This article was originally published on stmarysschool.org
St. Mary’s instills light and life into every girl who passes through the halls, and for Meg Kinnard Hardee, the school literally saved her life.
She cultivated the necessary skills to advocate for herself within the walls of St. Mary’s for her journalism career and, more importantly, for her cancer diagnosis.
“I’m a breast cancer survivor, and I had to advocate fiercely for my own health when I disagreed with my doctors and needed to pursue a second opinion and different treatment. I know for sure that there is a throughline from the way that I grew up at St. Mary’s and the way that I was encouraged to have my own voice,” she said. “It’s certainly part of what has saved my life.”
After she was diagnosed with Stage 3 inflammatory breast cancer in 2021, Hardee has used her platform to support other women in similar situations, giving them the courage to advocate for themselves. It is this value of courage that allows Hardee to excel in every aspect of her life.
After St. Mary’s, Hardee received a bachelor’s degree from Georgetown University and later earned her master’s from the University of North Carolina at Chapel Hill. Now in her 20th year as a national political reporter at the Associated Press (AP) living in South Carolina, Hardee’s job is to ask questions, be skeptical, and advocate for the public to receive answers.
“I get to witness history as it’s happening,” she said. “I’m entrusted to relate what I’m seeing and put it in context for the rest of the world.”
By covering the last three presidential cycles, the COVID-19 pandemic, and countless elections for a national audience, her resume is evidence of her proximity to recent history. Her dedication to her craft earned her the Oliver S. Gramling Award, AP’s highest internal honor, and her success reflects her determination and tenacity.
“I’ve had the opportunity to interview pretty much anybody who was running for president in the last three presidential cycles,” she said. “If you had asked me 20 years ago when I started with the AP if that was something that I felt would be part of my resume as a reporter, I would have looked at you and said, ‘That’s hilarious.’”
While Hardee has had some high-profile interviews, she recognizes that above all, she has a public responsibility to provide information, fostering a healthy democracy.
“Journalism is really crucial to ensure not only our democracy but also how people see what’s happening in the US,” she said. “I’ve built up to the place where I feel confident in sitting down with those individuals, asking them tough questions, and building rapport, so then we can work on future stories together, but still holding them accountable.”
Hardee’s network has expanded to include political leaders, changemakers, and journalists, but her original community is at St. Mary’s. As a St. Mary’s lifer spending 14 of her first years at the school, she connected to a sisterhood of girls who remain important to her.
“It’s a special club, and it was really neat just going through 14 years with many of the same people and even the ones who joined us later, feeling like they had been there the whole time because of how close we were,” she said. “Memphis and St. Mary’s are always going to be special to me because of the people there.”
While at St. Mary’s, Hardee was nothing short of involved in everything. As a member of the volleyball team, basketball team, track team, Pep club, French club, Belles Lettres, Carillon, and, of course, Tatler, she harnessed her inquisitive nature.

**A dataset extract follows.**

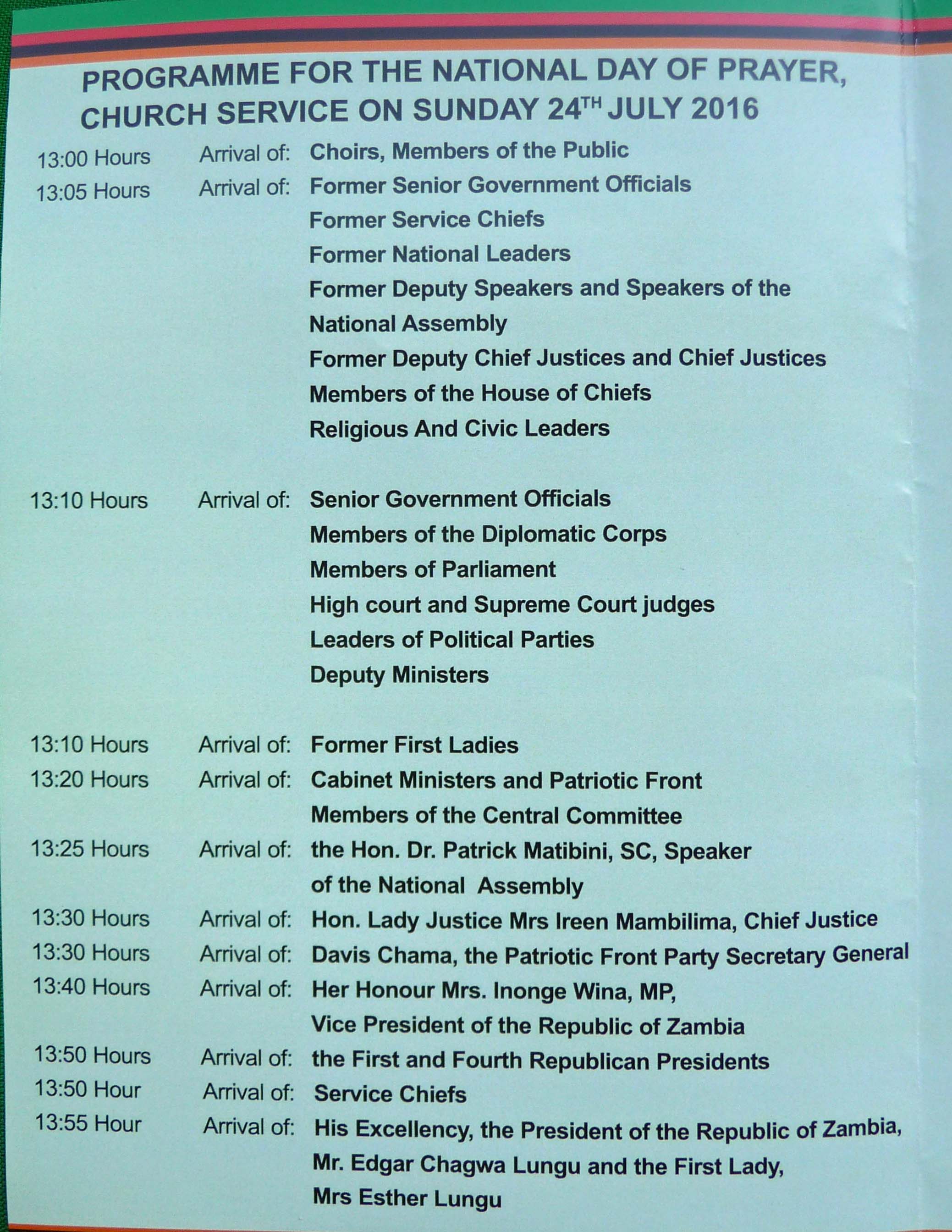Le « National House of Prayer » a invité l’élite politique, militaire et religieuse pour une journée de prière le 24 juillet dernier en plein centre de la capitale Lusaka, à un lieu public appelé ‘showground’. Ce rassemblement avait pour but de prier pour des élections pacifiques qui culmineront le 11 août avec les élections générales pour le choix d’un nouveau Président et d’un nouveau gouvernement.

“I think those were really neat places for me to learn how to express myself, and they’re all very different. For example, the yearbook is a chronicle of what we’re doing as students and our whole St. Mary’s experience. The Tatler is a way to journalistically display that side of covering what’s happening at the school,” she said. “Having a creative outlet taps into a completely different part of your brain.”
Also while at St. Mary’s, Hardee remembers each year the Outstanding Alumna came back to share her personal story rooted in a St. Mary’s education.
“I remember being in St. Mary’s chapel when the Alum of the Year came back. I would be in awe, thinking, ‘Oh my gosh, what an amazingly accomplished person.’ I’m so proud to be in the same community,” she said. “Those women were larger than life.”
Now that Hardee is that woman returning to St. Mary’s with the title of 2025 Outstanding Alumna, she couldn’t be more appreciative.
“It’s an amazing honor because St. Mary’s was and is so important to me and so formative in making me who I am,” she said. “To be considered a representative of the alumnae community is the biggest honor I could ever imagine.”